WORK TO COMPLETE: Transcribe the listing below word for word but skip its images.

DATA EXTRACT:
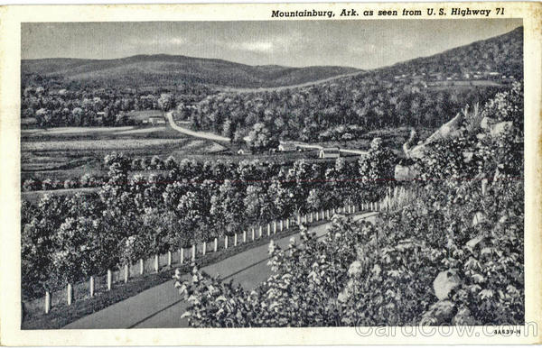Front: Mountainburg, Ark. as seen from U. S. Highway 71 4A639-N Back: MR. AND MRS. E. A. BELLIS, MT. GAYLER, ARK. GENUINE CURTEICH-CHICAGO "C.T. PHOTO-COTE POST CARD (REG.U.S.PAT.OFF.) Aug/211 POST CARD
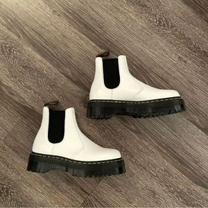 A twist on the classic Dr. Martens leather: durable, with a smooth and polished finish
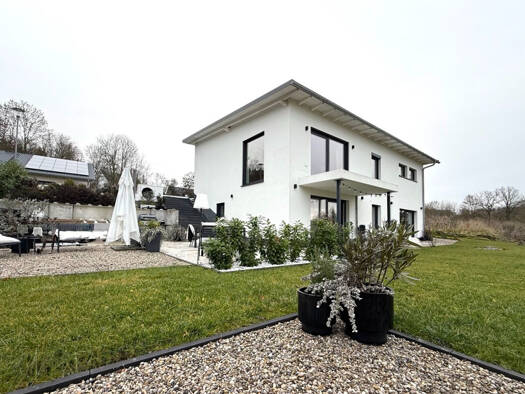 Das stillvolle Einfamilienhaus wurde im Jahr 2021 erbaut und ist durch die hochwertige Bausubstanz, der liebevoll angelegten Außenanlagen mit unverbaubarer Mikrolage ein wahres Juwel auf dem Markt. I...
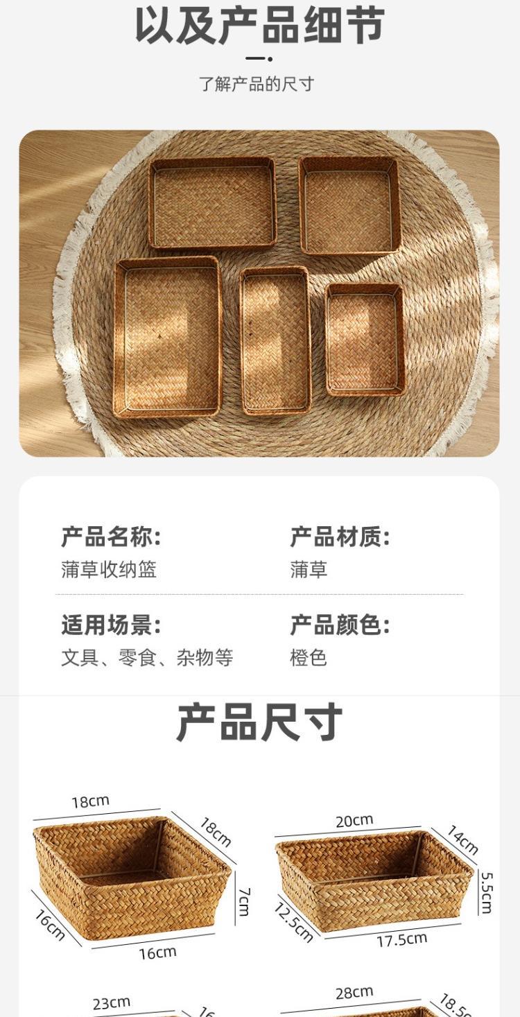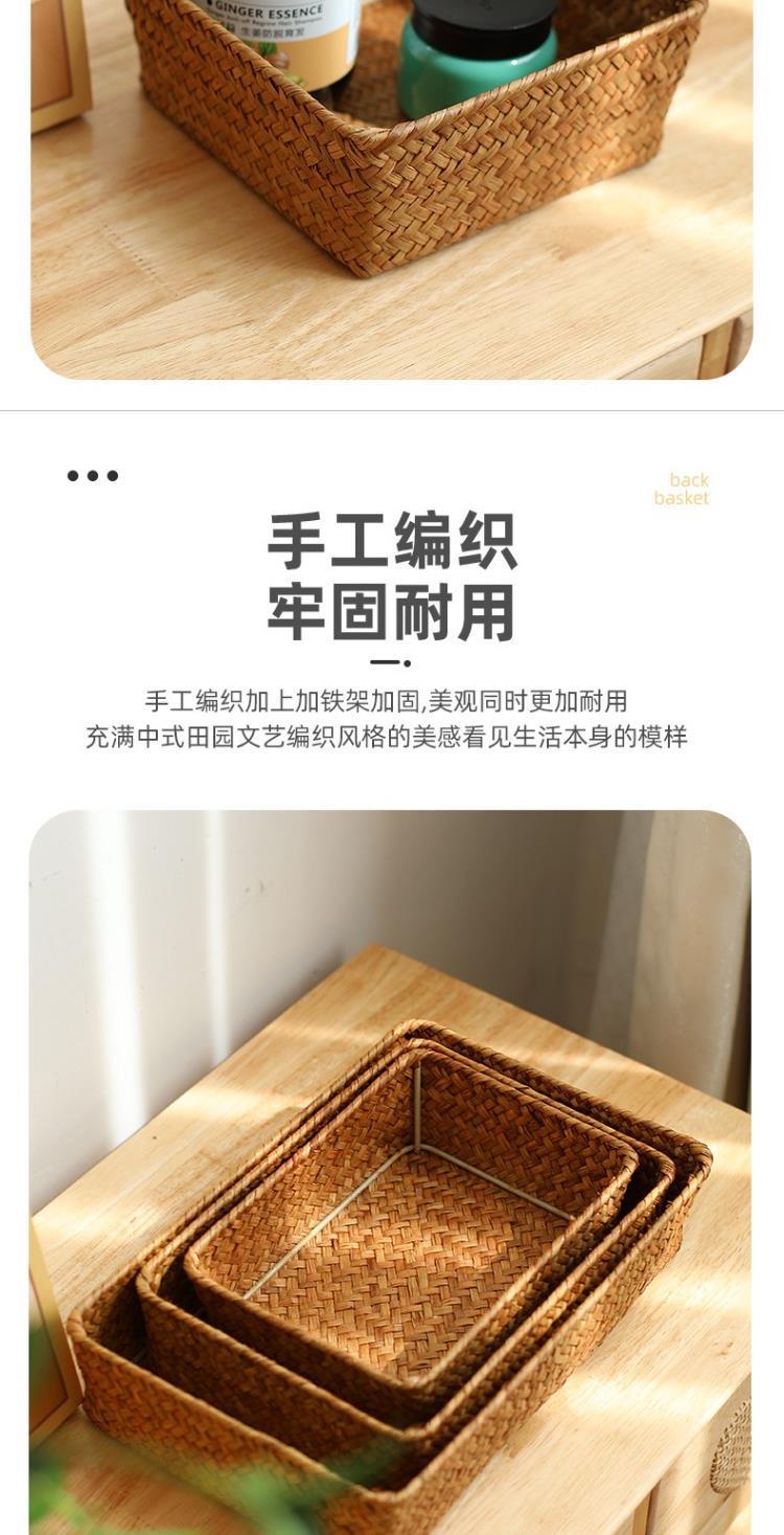 わら収納ボックス衣類収納バスケットギフト家庭用家具スナックおもちゃ収納長方形デスクトップ収納バスケット

TASK RESULT:
Front: Mountainburg, Ark. as seen from U. S. Highway 71 4A639-N Back: MR. AND MRS. E. A. BELLIS, MT. GAYLER, ARK. GENUINE CURTEICH-CHICAGO "C.T. PHOTO-COTE POST CARD (REG.U.S.PAT.OFF.) Aug/211 POST CARD
 A twist on the classic Dr. Martens leather: durable, with a smooth and polished finish
 Das stillvolle Einfamilienhaus wurde im Jahr 2021 erbaut und ist durch die hochwertige Bausubstanz, der liebevoll angelegten Außenanlagen mit unverbaubarer Mikrolage ein wahres Juwel auf dem Markt. I...
 わら収納ボックス衣類収納バスケットギフト家庭用家具スナックおもちゃ収納長方形デスクトップ収納バスケット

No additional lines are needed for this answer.